For three days in April, the former head of the Texas Lottery was facing a felony. Then, just like that, it vanished.

Gary Grief, the longtime former executive director of the Texas Lottery Commission, was quietly indicted by a Travis County grand jury in mid-April on a felony abuse-of-office charge tied to the controversial $95 million Lotto Texas drawing. The case was dismissed a few days later. The whiplash filing and retreat added a new legal twist to an already messy saga and reignited questions about who inside state government knew what, and when.

According to Click2Houston, court records show a Travis County grand jury returned the indictment in mid-April, with the case formally filed on April 14. Prosecutors then moved to dismiss it three days later at the request of Assistant District Attorney Rob Drummond. Grief's attorneys and the Travis County district attorney's office did not immediately respond to media requests for comment.

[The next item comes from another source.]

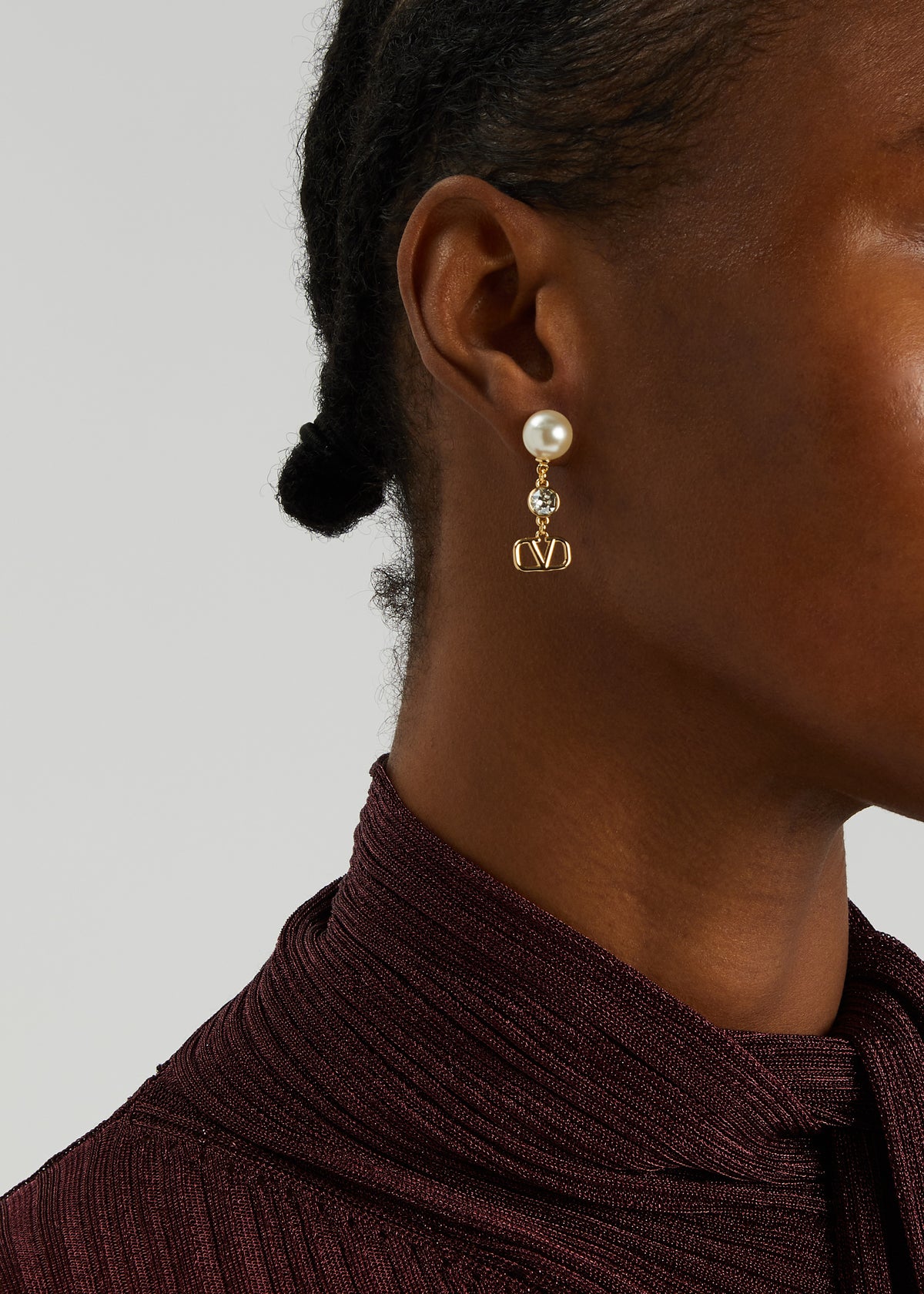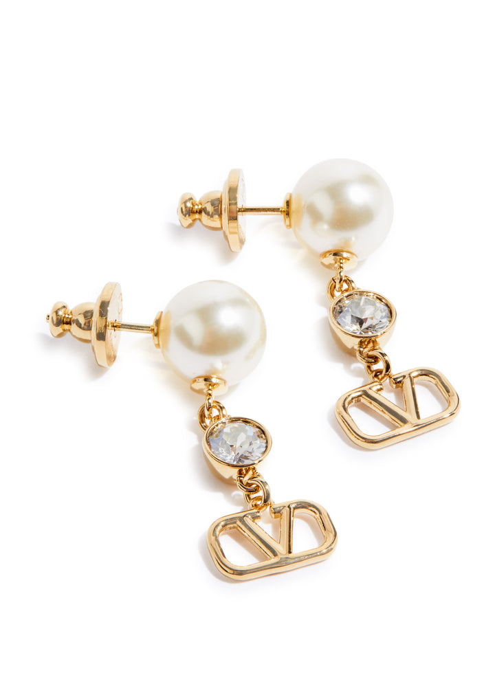 Made with pearl and Swarovski crystal embellishments and featuring a hanging VLogo charm. Drop length: 2.5cm. Post fastening for pierced ears. Presented in a designer-stamped box.

The one-page indictment accused Grief of intentionally misusing “government property, services, personnel, or a thing of value belonging to the government” during the April 22, 2023 Lotto Texas drawing, and alleged the value involved was $300,000 or more, the Houston Chronicle reports. The Chronicle's investigation has linked the alleged misuse to how the agency handled a massive ticket-buying operation that guaranteed a win for a single group. Grief resigned from the lottery commission in February 2024 and has denied helping to arrange the bulk purchase.

How the $95 million play worked

Investigative reporting into the April 22, 2023 drawing found that an entity called Rook TX bought nearly all of the roughly 25.8 million possible Lotto Texas number combinations. That strategy guaranteed that at least one of its tickets would hit the jackpot, and the group later collected a one-time payout of about $57.8 million.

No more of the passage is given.